PROBLEM DESCRIPTION: The answer must be the full data, restated word for word, with no pictures in it.

SOURCE MATERIAL:
= = = = = = =

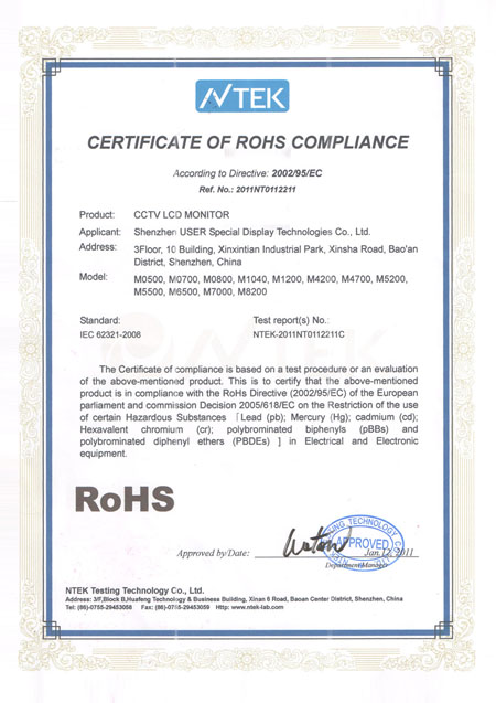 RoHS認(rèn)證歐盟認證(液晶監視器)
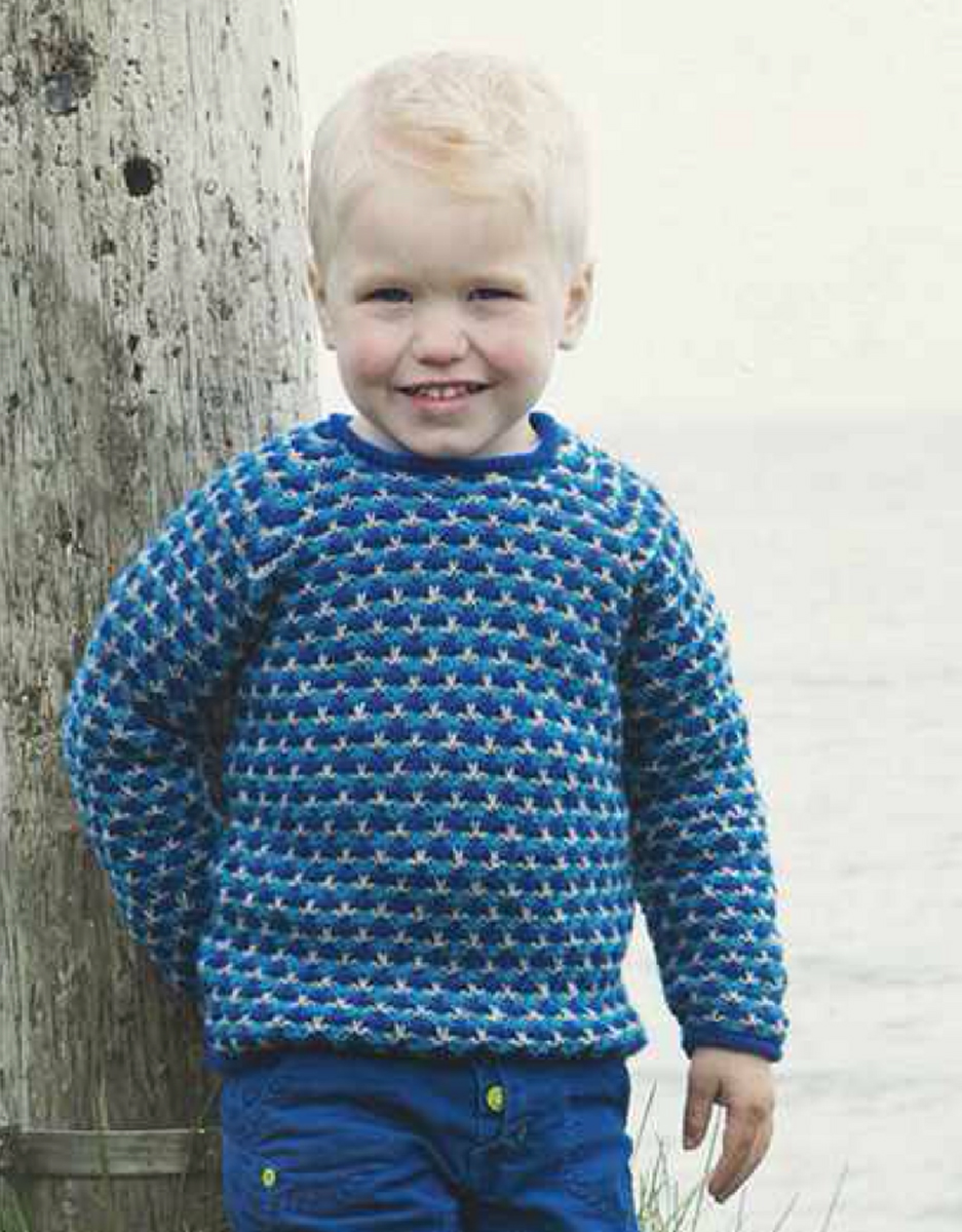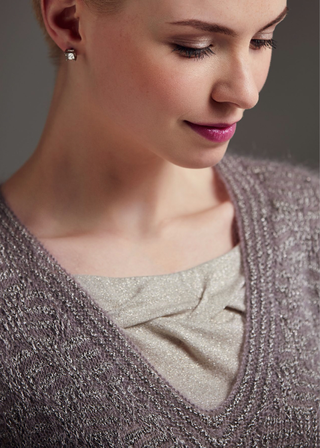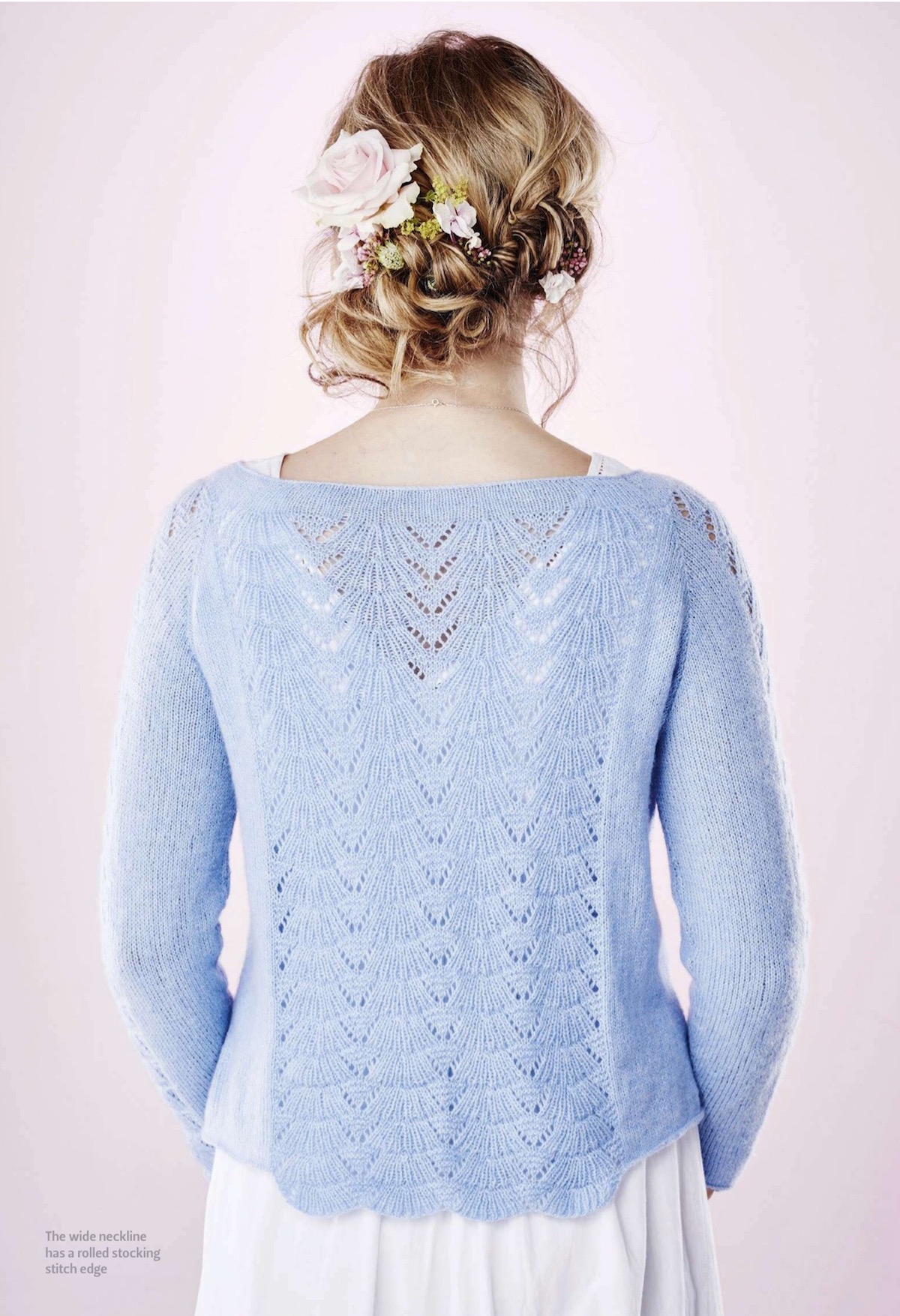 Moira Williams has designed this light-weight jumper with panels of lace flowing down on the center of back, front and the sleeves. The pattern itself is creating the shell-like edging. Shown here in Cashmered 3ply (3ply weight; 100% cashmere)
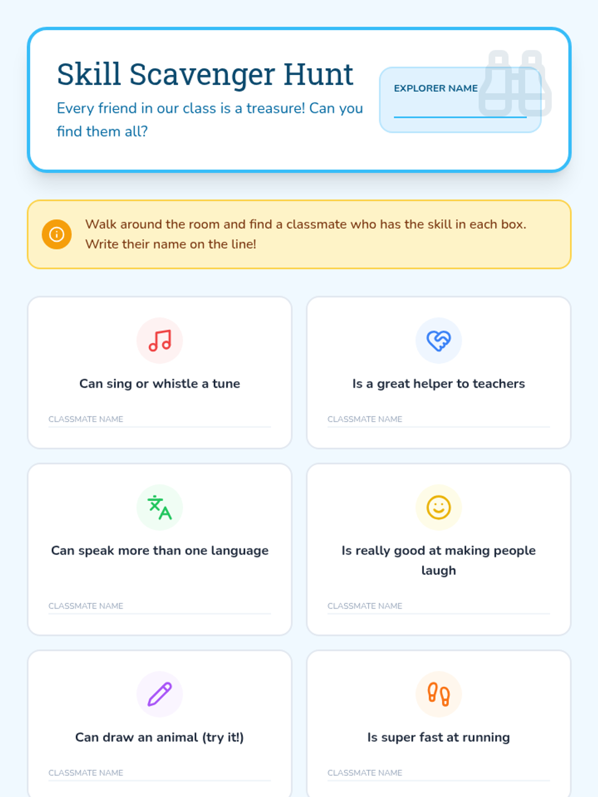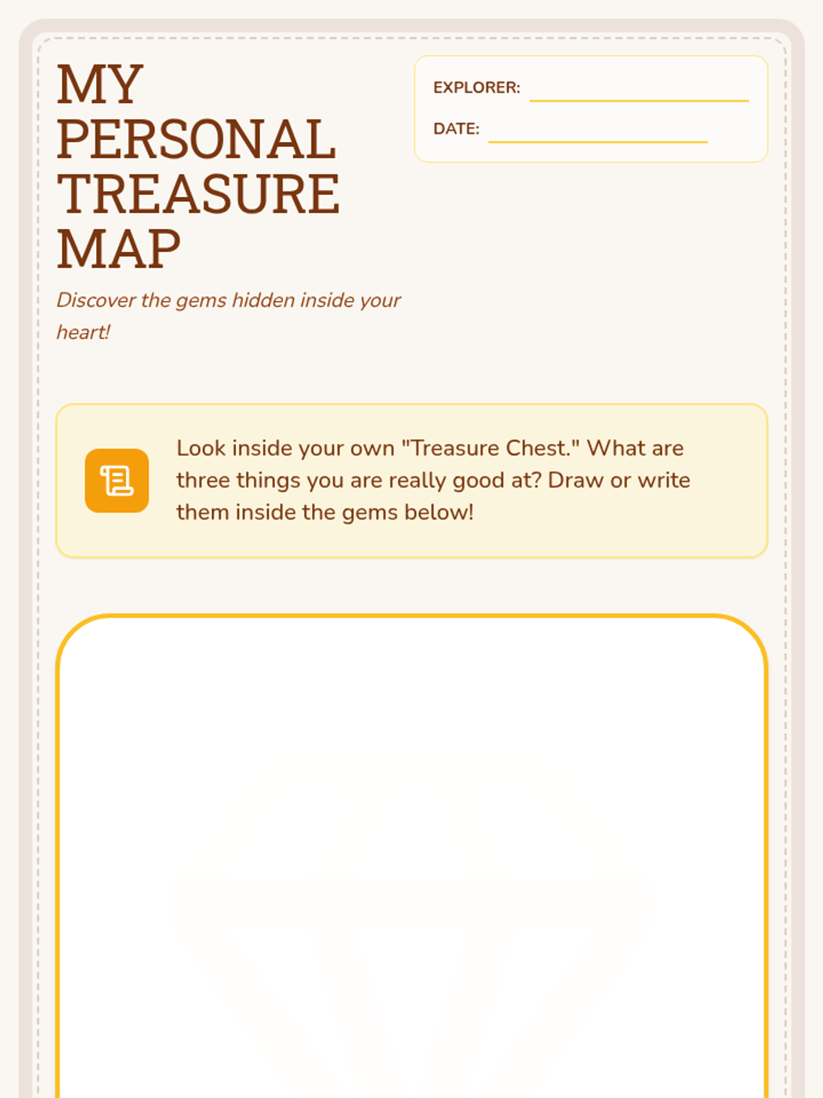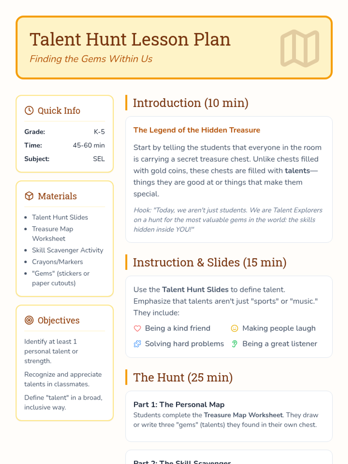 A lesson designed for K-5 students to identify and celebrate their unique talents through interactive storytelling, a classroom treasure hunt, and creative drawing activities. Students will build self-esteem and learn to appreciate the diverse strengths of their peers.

= = = = = = =

THE ANSWER:
 RoHS認(rèn)證歐盟認證(液晶監視器)
 Moira Williams has designed this light-weight jumper with panels of lace flowing down on the center of back, front and the sleeves. The pattern itself is creating the shell-like edging. Shown here in Cashmered 3ply (3ply weight; 100% cashmere)
 A lesson designed for K-5 students to identify and celebrate their unique talents through interactive storytelling, a classroom treasure hunt, and creative drawing activities. Students will build self-esteem and learn to appreciate the diverse strengths of their peers.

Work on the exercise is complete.